» **DATASET**
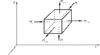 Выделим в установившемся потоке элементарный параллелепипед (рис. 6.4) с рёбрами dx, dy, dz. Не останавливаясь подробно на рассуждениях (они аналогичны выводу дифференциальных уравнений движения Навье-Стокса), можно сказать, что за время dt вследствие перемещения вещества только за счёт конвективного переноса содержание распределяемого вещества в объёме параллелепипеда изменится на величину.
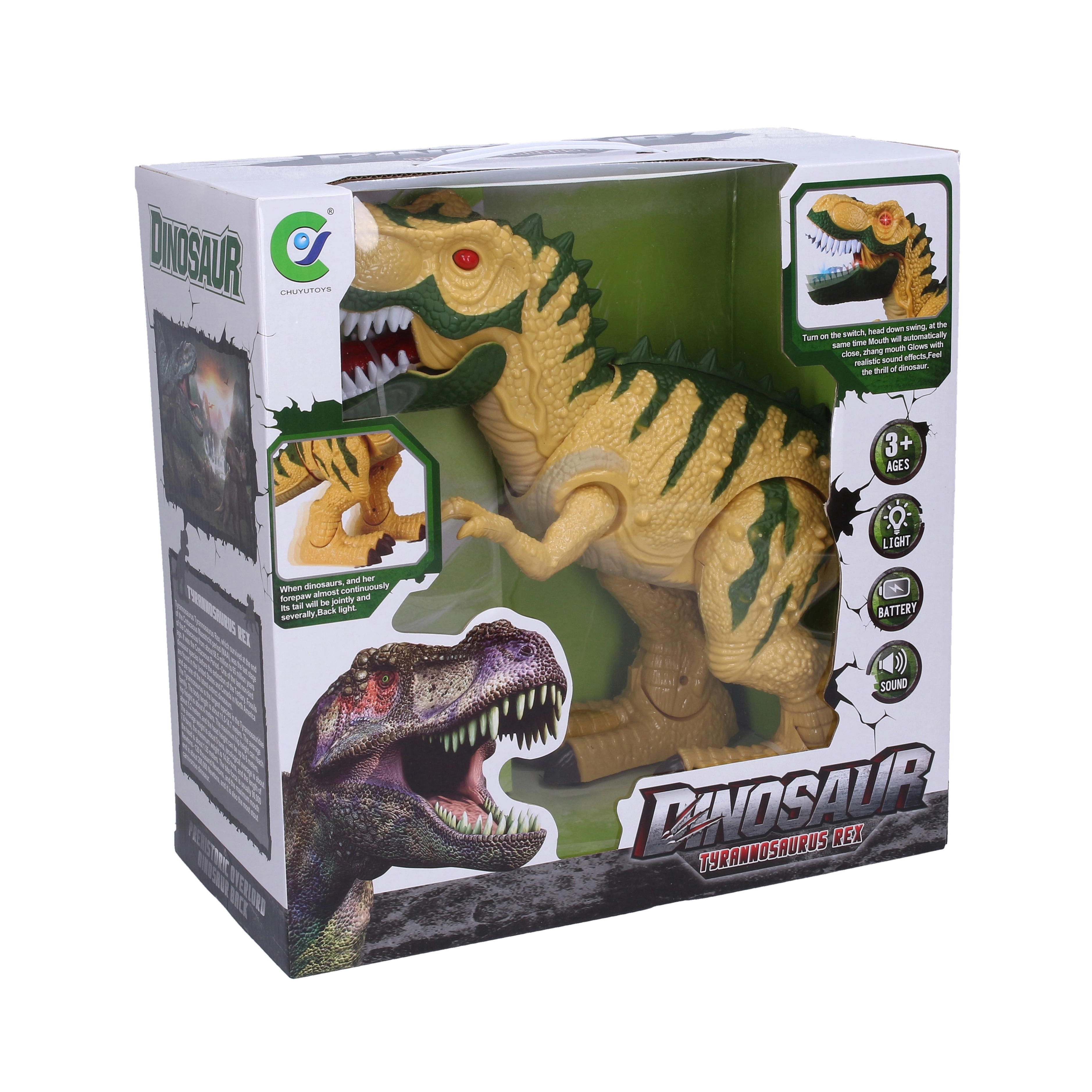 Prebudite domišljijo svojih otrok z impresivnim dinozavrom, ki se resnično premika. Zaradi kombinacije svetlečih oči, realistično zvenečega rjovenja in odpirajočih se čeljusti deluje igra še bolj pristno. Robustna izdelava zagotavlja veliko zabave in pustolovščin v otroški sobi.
* * *
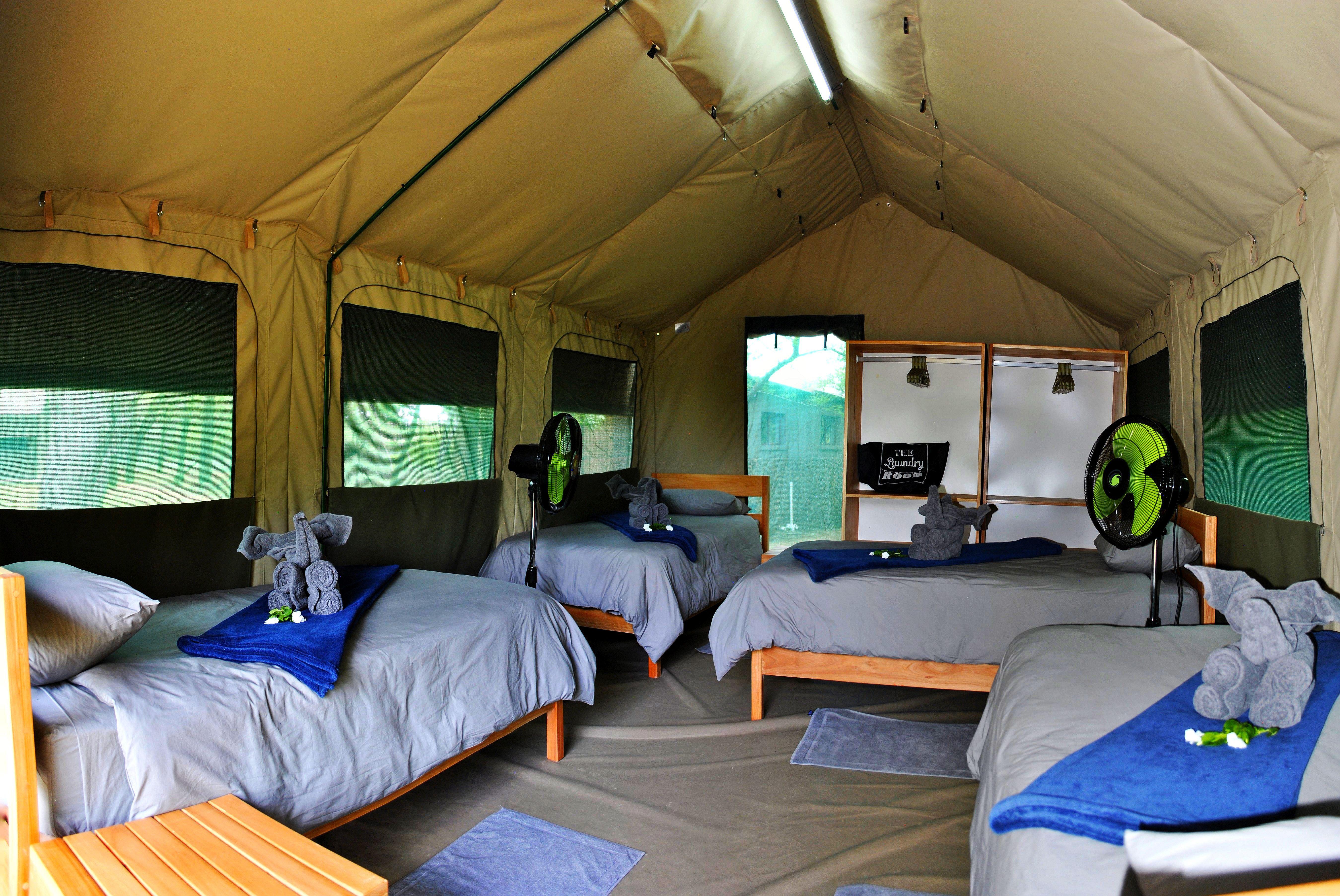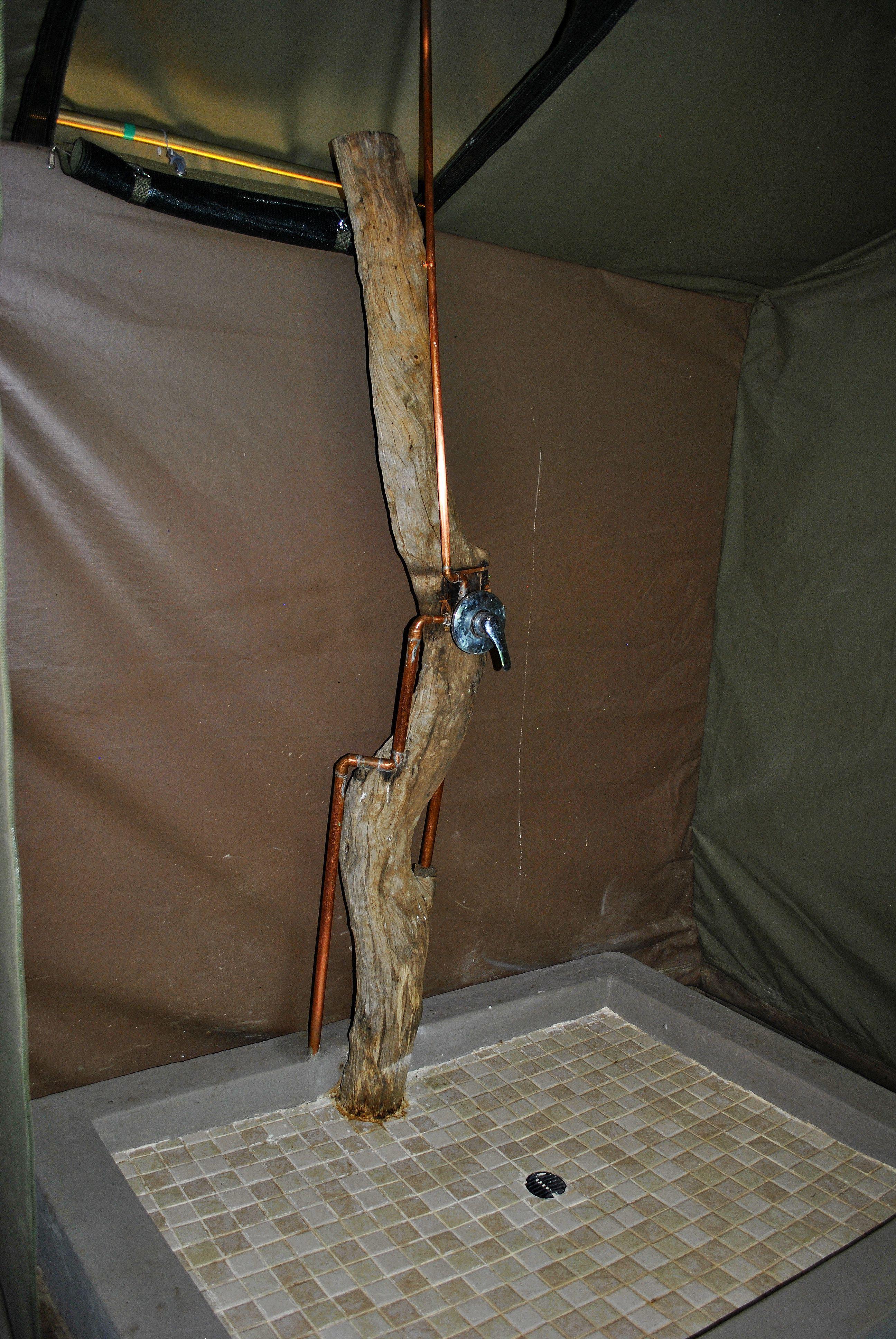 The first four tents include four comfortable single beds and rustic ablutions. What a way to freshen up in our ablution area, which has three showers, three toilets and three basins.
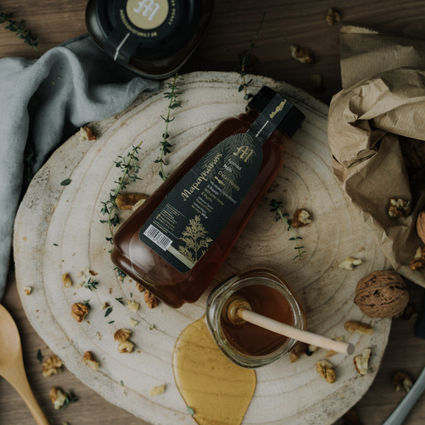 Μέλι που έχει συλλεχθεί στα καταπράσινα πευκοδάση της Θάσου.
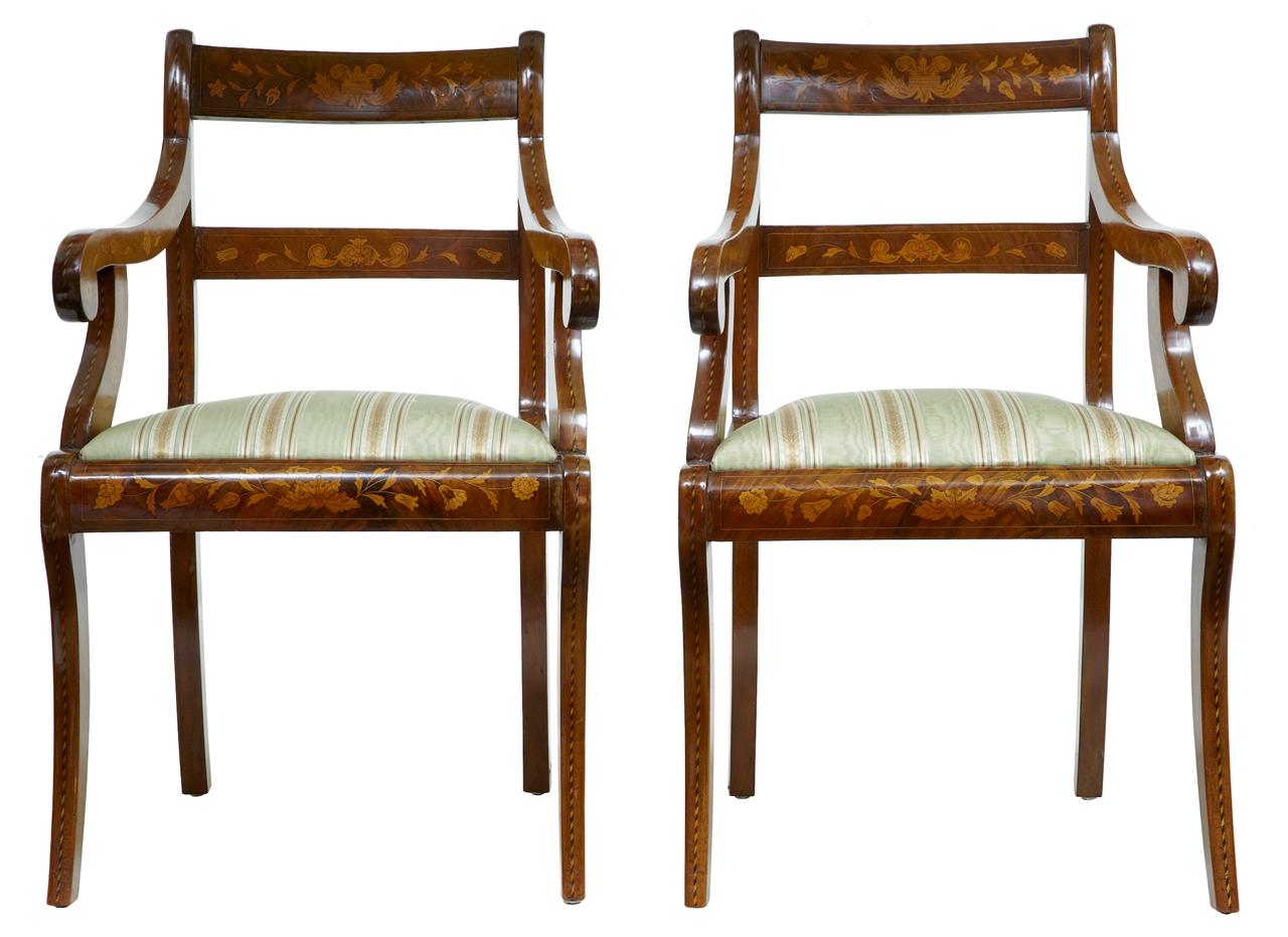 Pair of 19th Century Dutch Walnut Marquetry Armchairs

» **INSTRUCTIONS TO FOLLOW**
Your answer must be the exact lines from the records above, from the one containing "Выделим в установившемся" through the one containing "Prebudite domišljijo svojih", both included, with every picture left out.

» **EXERCISE RESPONSE**
 Выделим в установившемся потоке элементарный параллелепипед (рис. 6.4) с рёбрами dx, dy, dz. Не останавливаясь подробно на рассуждениях (они аналогичны выводу дифференциальных уравнений движения Навье-Стокса), можно сказать, что за время dt вследствие перемещения вещества только за счёт конвективного переноса содержание распределяемого вещества в объёме параллелепипеда изменится на величину.
 Prebudite domišljijo svojih otrok z impresivnim dinozavrom, ki se resnično premika. Zaradi kombinacije svetlečih oči, realistično zvenečega rjovenja in odpirajočih se čeljusti deluje igra še bolj pristno. Robustna izdelava zagotavlja veliko zabave in pustolovščin v otroški sobi.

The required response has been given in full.